Remote dual copy and automated offsite tape backup facility may be introduce by CAB to facilitate faster recovery after any disaster happen. The main advantage of these facilities is that it does not require full computer set up, but need only the back up devices in a separated place.
The backup policy can be documented as follows
Onsite backup | Offsite backup |
Daily backup of daily activity files via zip drive Weekly back up of files and directories using backup tapes Daily functional dumps will be stored in main server Weekly full activity dump should be kept on server rack | Daily backups are being kept in briefcase and taken away from the campus everyday Weekly backups should be taken away from the main site and will be safe if the campus is damaged |
For the main frame server of the organization may introduce different backup system such as Full volume back up, incremental backups, database and application backups etc.
The institution’s IT may introduce RAID-5 format for application server backup policy which will give a faster recovery facility of all the application stored in the mainframe server. And the second and third hard drive for RAID-5 will be stored in a different location maybe connected by network.
The offsite backup can also be done by introducing some third party vendor who stores all the updates on daily basis on their servers and it is obvious in a different location. The contractual agreement should be enough strong so that information and application confidentiality should maintain by the third party.
Disaster notification list and Disaster recovery team should be planned for faster response and to avoid hazard ness and after disaster trauma among employees which is the most vital part of DRP. A RACI chart should be introduce to assign and communicate task of operation well in advance to avoid any chaotic situation.
Recommendations:
To prevent the disaster the Organization must do the following.
- Regular examination of the fire detection tools is also mandated.
- Time to time fire extinguisher inspection should be a standard policy.
- Non-disruptive tests of the Halon system should also be maintained time to time.
- Smoke detectors located under the server room raised flooring should be periodically inspected and cleaned.
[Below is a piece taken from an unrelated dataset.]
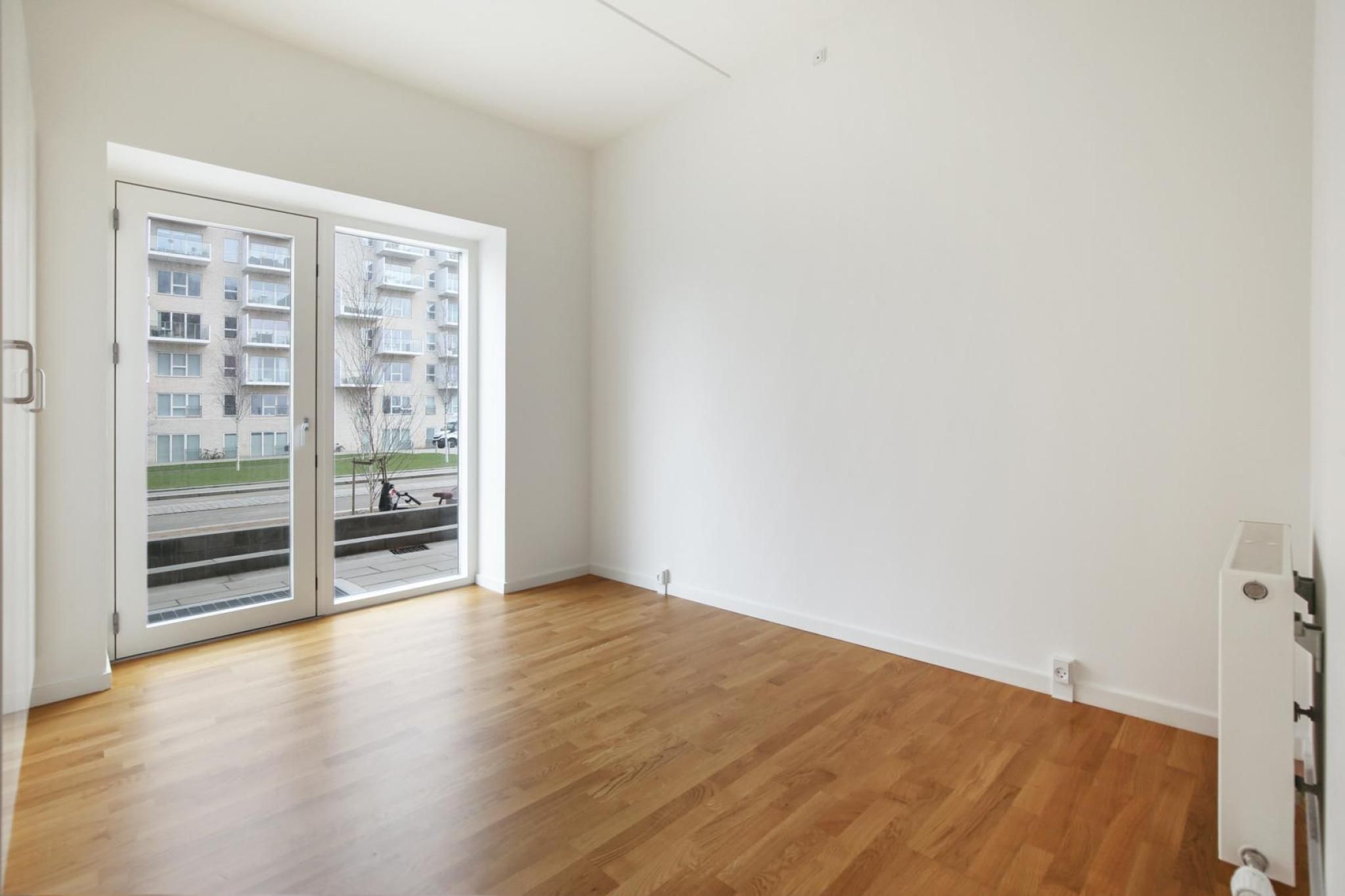 Lejligheden på 4. sal byder på en rummelig entré med god plads til sko og overtøj. Det åbne køkken-alrum har spiseplads og direkte adgang til altanen, mens den store opholdsstue ligeledes har udgang til to altaner og et imponerende lysindfald. Herfra kan du nyde den uhindrede udsigt (billede på annoncen er taget fra 7. sal) over Byparken og byens liv. Boligen rummer to rummelige soveværelser samt et stilfuldt og lyst badeværelse med vaskesøjle, separat bruseniche og mange gennemførte detaljer. Der er gulvvarme i hele lejligheden, hvilket giver en behagelig komfort året rundt. Ejendommen har en pæn og præsentabel opgang med elevator og ligger i Ørestad City – en moderne og levende bydel med alt, hvad du behøver. Her er shopping i Field’s, grønne områder, golfbane samt daginstitutioner, skole og gymnasium inden for kort afstand. Lejligheden ligger kun 5 minutters gang fra metroen, hvorfra du kan være i Københavns centrum på cirka 10 minutter. --- The apartment welcomes you with a spacious entrance hall with ample room for shoes and coats. The open-plan kitchen and dining area features space for dining and direct access to the balcony, while the large living room also opens onto two balconies and benefits from an impressive amount of natural light. From here you can enjoy uninterrupted views over Byparken and the surrounding city life (photo is from another apartment on the 7. floor - but still amazing). The home offers two generously sized bedrooms as well as a stylish and bright bathroom with washer and dryer, a separate shower area and many well-designed details. Underfloor heating runs throughout the entire apartment, providing a comfortable indoor climate all year round. The building has a neat and well-presented entrance with lift access and is located in Ørestad City – a modern and vibrant neighbourhood with everything you need nearby. Here you will find shopping at Field’s, green areas, a golf course, as well as daycare centres, a school and a high school all within easy walking distance. The apartment is only a 5-minute walk from the Metro, from where you can reach Copenhagen city centre in approximately 10 minutes.

- Time to time inspections of the under-flooring in the server room must be conducted to detect water/ moisturizer, especially any time there is an intense rainstorm.
- Periodic inspections of the water detectors also require ensuring their proper function.
- Operators should also be trained in shutdown procedures of all the systems whenever any security alarm rises.
- Also, staff in the server room should be trained in responding to electrical alarm.
- Ventilation system shall be made of metal duct instead of fiberboard.
Conclusion:
On a daily basis, companies are facing with different disasters with diverse extent. Organizations having effectively developed, sustained, and implemented their contingency planning will endure. But many business managements prolong to take the normal processes of their companies for granted. They linger satisfied, hoping that the power will be there always, there may be no blaze or quake–everything will be normal every time. The ultimate business emergency plan is the support of business endurance. However, disaster recovery planning is as good as the base upon which the survival is built. The base is the model. Once the model is prepared through a rational structural approach, and is approved by both organization and the working elements, building of the emergency plan may begin. Improvement for something than complete damage will be attainable by using the plan. Procedures are adequately thorough so anybody other than the person principally accountable for the effort can pursue them. All substitute procedures shall be documented. The Plan will be circulated to all key employees, and they will collect cyclic information. The main approach of the plan is to compose it as disaster-independent. This means, it should be efficient in spite of of what type of destructive occurrence happen.